-- Available data --
___

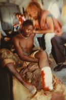 typed on accompanying paper label: STEPHEN DUPONT (underlined) / Wounded MPLA troops being flown into a military hospital in Benguella, Angola.
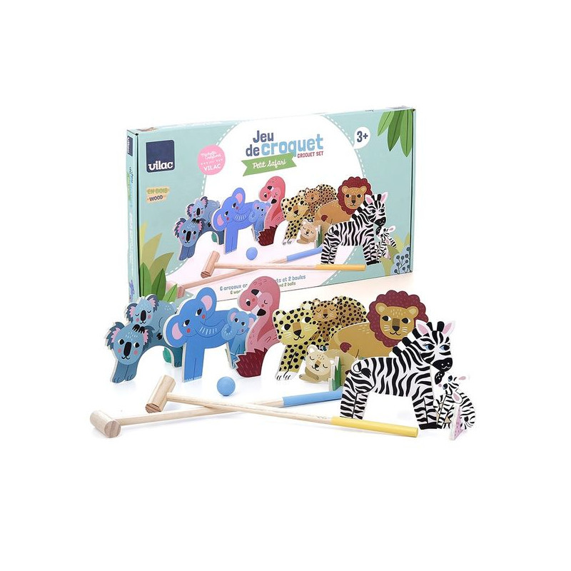 Traditioneel houten spel. Houten croquet is een traditioneel spel dat veel voordelen biedt voor uw kind. Het bevordert de fysieke activiteit: bij croquet moet je lopen, rennen en ballen nauwkeurig slaan, wat helpt bij de ontwikkeling van de hand-oogcoördinatie en de grove motoriek. Uw kind leert omgaan met de hamer en mikken op de hoepels in de vorm van dieren, wat zijn of haar behendigheid en vaardigheid stimuleert. Deze buitenactiviteit moedigt hem aan om tijd buiten door te brengen en deze leuke momenten te delen met zijn vrienden of familieleden. Vele voordelen voor ons houten croquet. Naast de vele fysieke voordelen heeft ons houten croquetspel ook een belangrijke educatieve dimensie. Het zal inderdaad geduld en samenwerking aanmoedigen. Uw kind moet op zijn/haar beurt wachten, zich aan bepaalde regels houden en met andere spelers samenwerken om een ??gemeenschappelijk doel te bereiken. Hierdoor ontwikkelt hij zijn vermogen om eerlijk te spelen en conflicten constructief op te lossen. Bovendien kan ons houten spel een geweldige manier zijn om basisprincipes van wiskunde te introduceren, zoals punten tellen. Een heel zachtaardig universum. Deze houten croquetset is liefdevol versierd door kunstenares Michelle CARLSLUND. Het maakt al jaren deel uit van de VILAC-familie en biedt een zachte en elegante wereld. Als freelance-illustrator laat ze zich inspireren door alles om haar heen. Haar creaties zijn teder en poëtisch en haar kinderlijke en gestileerde wereld past perfect bij die van ons speelgoed.
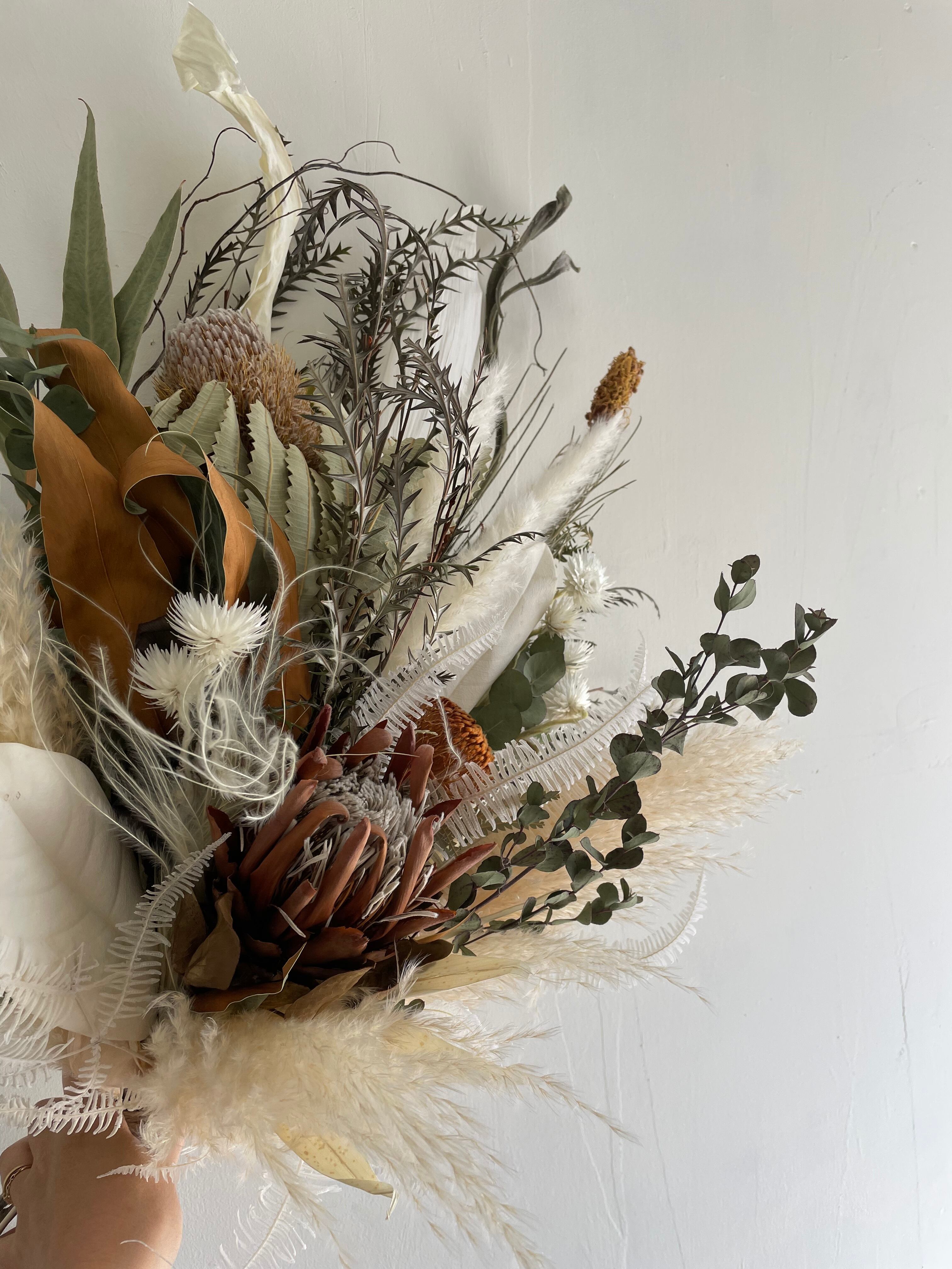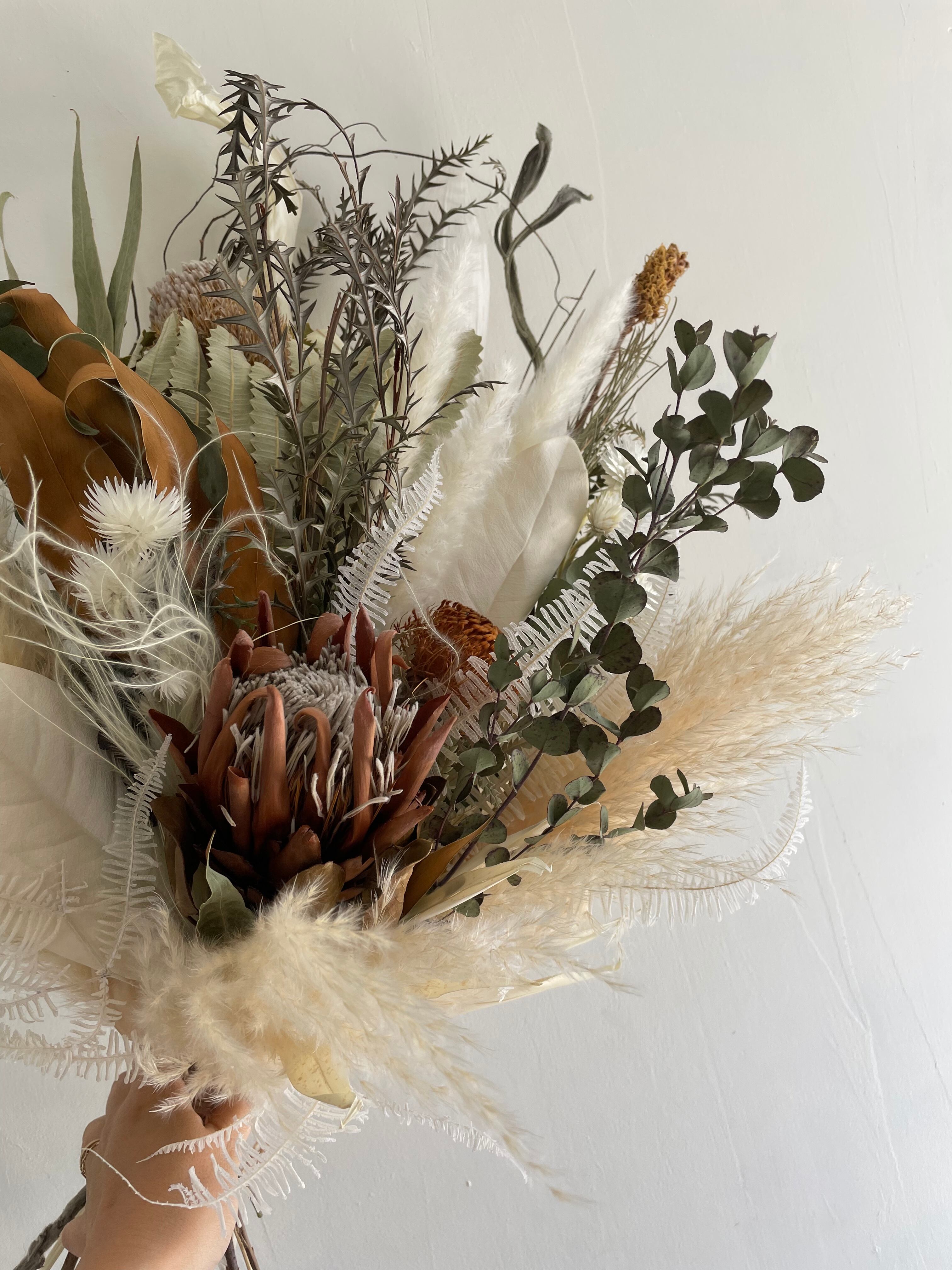 バンクシアにプロテア、ユーカリ、パンパスグラスやテールリードを合わせてスワッグを作りました。

___

-- Required work --
All the lines above need to be repeated exactly, with no pictures carried over.

-- Response to the exercise --
 typed on accompanying paper label: STEPHEN DUPONT (underlined) / Wounded MPLA troops being flown into a military hospital in Benguella, Angola.
 Traditioneel houten spel. Houten croquet is een traditioneel spel dat veel voordelen biedt voor uw kind. Het bevordert de fysieke activiteit: bij croquet moet je lopen, rennen en ballen nauwkeurig slaan, wat helpt bij de ontwikkeling van de hand-oogcoördinatie en de grove motoriek. Uw kind leert omgaan met de hamer en mikken op de hoepels in de vorm van dieren, wat zijn of haar behendigheid en vaardigheid stimuleert. Deze buitenactiviteit moedigt hem aan om tijd buiten door te brengen en deze leuke momenten te delen met zijn vrienden of familieleden. Vele voordelen voor ons houten croquet. Naast de vele fysieke voordelen heeft ons houten croquetspel ook een belangrijke educatieve dimensie. Het zal inderdaad geduld en samenwerking aanmoedigen. Uw kind moet op zijn/haar beurt wachten, zich aan bepaalde regels houden en met andere spelers samenwerken om een ??gemeenschappelijk doel te bereiken. Hierdoor ontwikkelt hij zijn vermogen om eerlijk te spelen en conflicten constructief op te lossen. Bovendien kan ons houten spel een geweldige manier zijn om basisprincipes van wiskunde te introduceren, zoals punten tellen. Een heel zachtaardig universum. Deze houten croquetset is liefdevol versierd door kunstenares Michelle CARLSLUND. Het maakt al jaren deel uit van de VILAC-familie en biedt een zachte en elegante wereld. Als freelance-illustrator laat ze zich inspireren door alles om haar heen. Haar creaties zijn teder en poëtisch en haar kinderlijke en gestileerde wereld past perfect bij die van ons speelgoed.
 バンクシアにプロテア、ユーカリ、パンパスグラスやテールリードを合わせてスワッグを作りました。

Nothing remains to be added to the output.